Non-copy read format
Bit-based sequencing processing

Illustration

Case study

Document

Tutorial and reference documentation of RabbitFX are provided at rabbitfx-doc.readthedocs.io.

Runing Example in main.cpp and TestCount.cpp

cd RabbitFX
mkdir build && cd build
cmake ..
make
#then there is an test file in build file
time ./test
time ./testcount

Note: We integrated CLI as default command line patser.

FASTQ data example

Single-end data processing example

Example of defining a mult-threading task:

int test_fastq_se(int argc, char** argv){
  std::string file = "/home/old_home/haoz/workspace/QC/out_1.fq";
  //---------------cmd parser----------------
  CLI::App app{"Wellcome to RabbitFX"};
  CLI::Option* opt;
  std::string filename ;
  int th;
  app.add_option("-f, --file", filename, "input file name")
    ->default_val(file);
  app.add_option("-t, --threads", th, "worktreads")
    ->default_val(2);
  //----------------------------------------
  CLI11_PARSE(app, argc, argv);
  if(app.count("-f"))
    std::cout << "filename: " << filename << std::endl;
  else{
    std::cout << "-f not find, use default: " << filename << std::endl;
  }
  rabbit::fq::FastqDataPool fastqPool(32, 1<<22);
  rabbit::core::TDataQueue<rabbit::fq::FastqDataChunk> queue1(64, 1);
  std::thread producer(producer_fastq_task, filename, std::ref(fastqPool), std::ref(queue1));
  std::vector<thread> threads;
  for(int t = 0; t < th; t++){
	threads.emplace_back(std::thread(consumer_fastq_task, std::ref(fastqPool), std::ref(queue1)));
  }
  producer.join();
  for(int t = 0; t < th; t++){
    threads[t].join();
  }
  return 0;
}

An example of defining producer and consumer tasks:

int producer_fastq_task(std::string file, rabbit::fq::FastqDataPool& fastqPool, rabbit::core::TDataQueue<rabbit::fq::FastqDataChunk> &dq){
  rabbit::fq::FastqFileReader *fqFileReader;
  fqFileReader = new rabbit::fq::FastqFileReader(file, fastqPool);
  rabbit::int64 n_chunks = 0;
  while(true){
    rabbit::fq::FastqDataChunk* fqdatachunk;
    fqdatachunk = fqFileReader->readNextChunk();
    if (fqdatachunk == NULL) break;
    n_chunks++;
    //std::cout << "readed chunk: " << n_chunks << std::endl;
    dq.Push(n_chunks, fqdatachunk);
  }
  dq.SetCompleted();
  std::cout << "file " << file << " has " << n_chunks << " chunks" << std::endl;
  return 0;
}

void consumer_fastq_task(rabbit::fq::FastqDataPool& fastqPool, rabbit::core::TDataQueue<rabbit::fq::FastqDataChunk> &dq){
    long line_sum = 0;
    rabbit::int64 id = 0;
    std::vector<neoReference> data;
    rabbit::fq::FastqDataChunk* fqdatachunk;// = new rabbit::fq::FastqDataChunk;
    data.resize(10000);
    while(dq.Pop(id, fqdatachunk)){
      line_sum += rabbit::fq::chunkFormat(fqdatachunk, data);
      fastqPool.Release(fqdatachunk);
    }
    std::cout << "line_sum: " << line_sum << std::endl;
}

Paired-end data processing example

An example of processing paired-end sequencing data is showed in file TestCount.cpp. It is tested that compared to FQFeeder, in the task of counting ATCG of pair-end data, RabbitFX is 2 times faster in 20 thread.

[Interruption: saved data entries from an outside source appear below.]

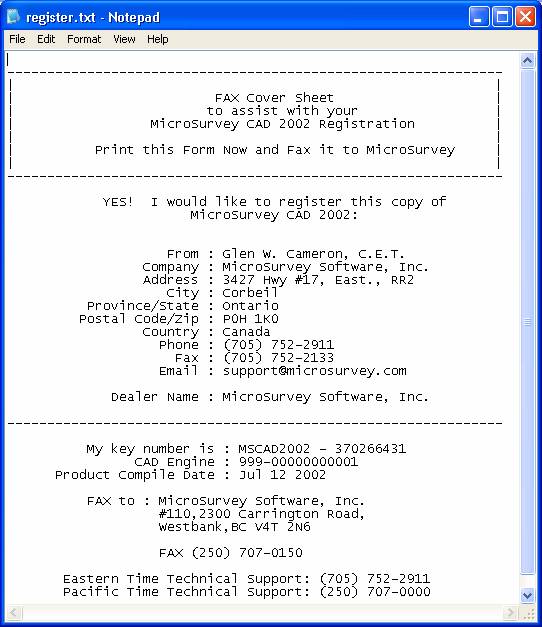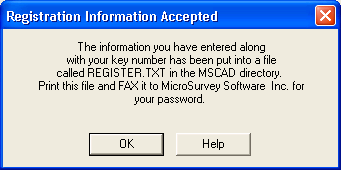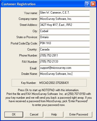You will be informed that your info and the MicroSurvey Key number have been saved in a file. Please print this file out and fax it to the MicroSurvey head office at 250-707-0150 and you will be sent back a password in a few minutes. (Our Eastern Technical Support Office can not issue passwords)
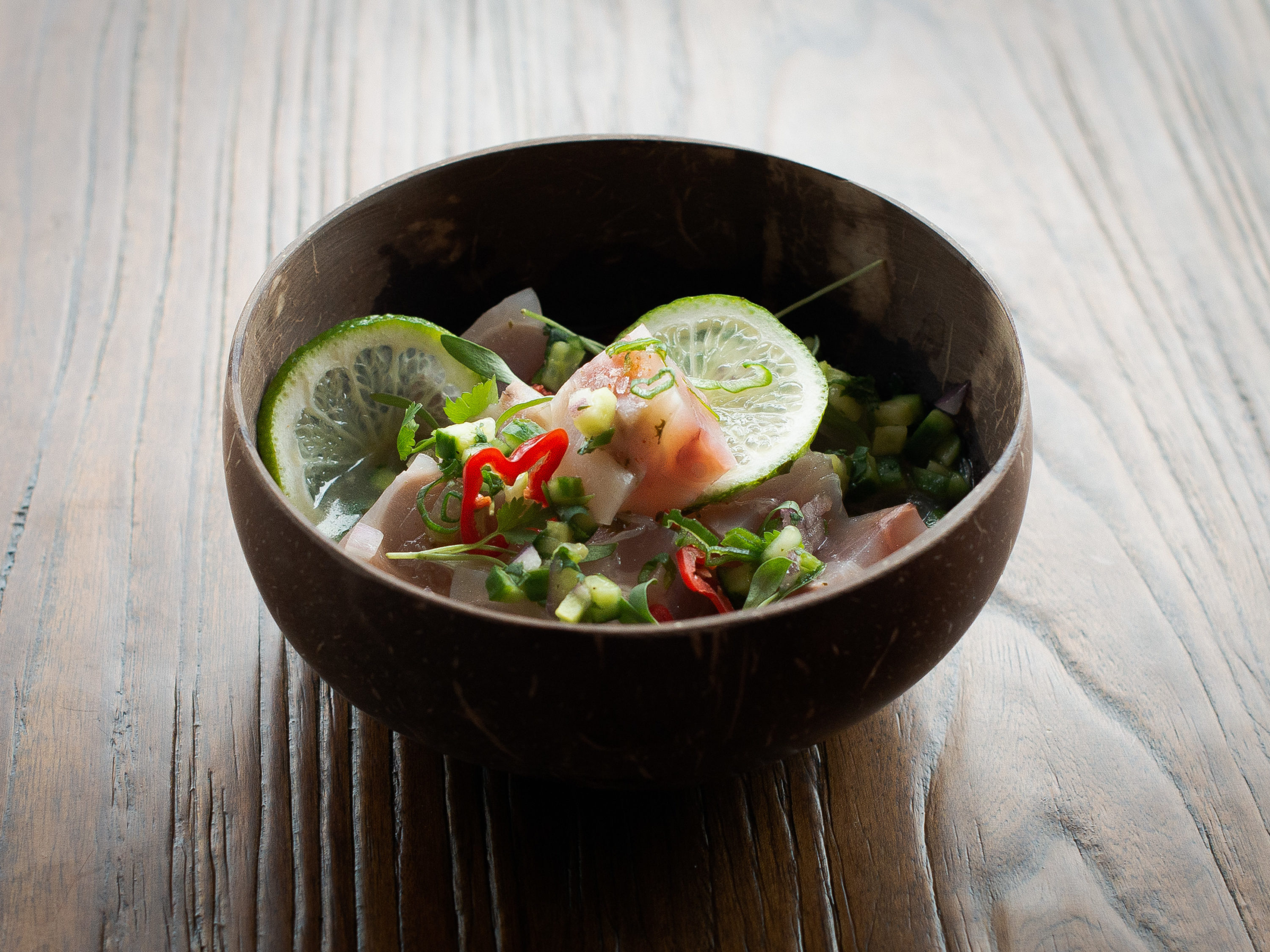 In addition to using exotic spices and recipes, Cane also hopes to introduce diners to a few less common cuts of meat. Cow heel, for example, is slow cooked for many hours, breaking down its collagen until it’s a tender bite that’s layered into a soup with chili, lime, cucumber, and cilantro.
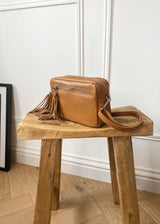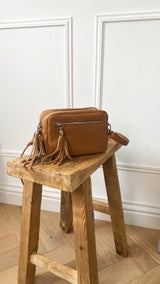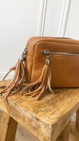 Real leather cross body bag with double tassel, front zip and removable shoulder strap....
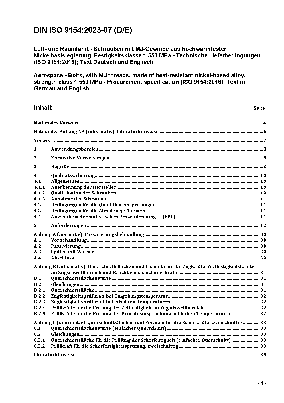 Aerospace - Bolts, with MJ threads, made of heat-resistant nickel-based alloy, strength class 1550 MPa - Procurement specification (ISO 9154:1999); Text in German and English
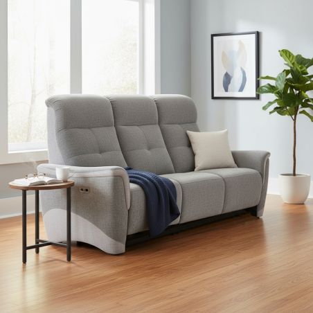 Canapé 3 places relax électrique tissu maillé polyester ultra doux bi-colore gris avec tablette centrale - AUSTRAL.
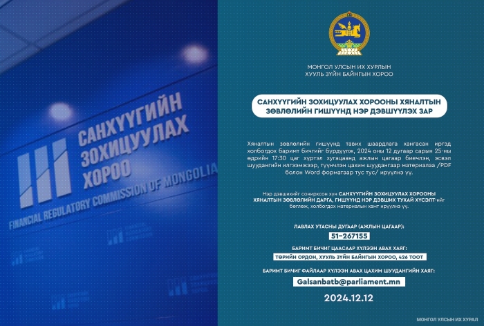 Нэр дэвшихийг сонирхсон хүн САНХҮҮГИЙН ЗОХИЦУУЛАХ ХОРООНЫ ХЯНАЛТЫН ЗӨВЛӨЛИЙН ДАРГА, ГИШҮҮНД НЭР ДЭВШИХ ТУХАЙ ХҮСЭЛТ-ийг бөглөж, холбогдох материалын хамт ирүүлнэ үү.
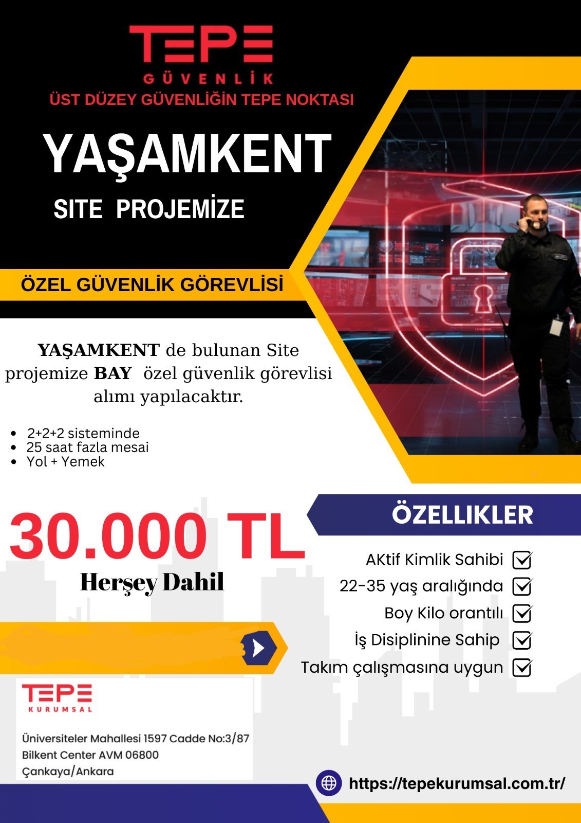 YAŞAMKENT SİTE PROJEMİZE BAY ÖZEL GÜVENLİK GÖREVLİSİ ALIMI YAPILACAKTIR

RabbitFX is about 2G/s I/O speed now

FASTA data example

This is an example of reading and processing FASTA files:

example code of using only one thread (count chunk number of input file):

int proces_fasta_task(std::string file) {
  rabbit::fa::FastaDataPool fastaPool(256, 1 << 22);
  rabbit::fa::FastaFileReader faFileReader(file, *fastaPool, false);
  int n_chunks = 0;
  int line_sum = 0;
  while (true) {
    rabbit::fa::FastaChunk *fachunk = faFileReader.readNextChunkList();
    if (fachunk == NULL) break;
    n_chunks++;
    //-----relaease
    rabbit::fa::FastaDataChunk *tmp = fachunk->chunk;
    do {
      fastaPool->Release(tmp);
      tmp = tmp->next;
    } while (tmp != NULL);
    // line_sum += rabbit::fa::chunkFormat(*fachunk, data);
  }
  std::cout << "file " << file << " has " << line_sum << " lines" << std::endl;
  return 0;
}

int test_fasta(int argc, char** argv){
  producer_fasta_task("/home/old_home/haoz/workspace/data/hg19/hg19.fa");
  return 0;
}

Cite

Zhang H, Song H, Xu X, Chang Q, Wang M, Wei Y, Yin Z, Schmidt B, Liu W. RabbitFX: Efficient Framework for FASTA/Q File Parsing on Modern Multi-Core Platforms. IEEE/ACM Trans Comput Biol Bioinform. 2022 Nov 3;PP. doi: 10.1109/TCBB.2022.3219114. Epub ahead of print. PMID: 36327193.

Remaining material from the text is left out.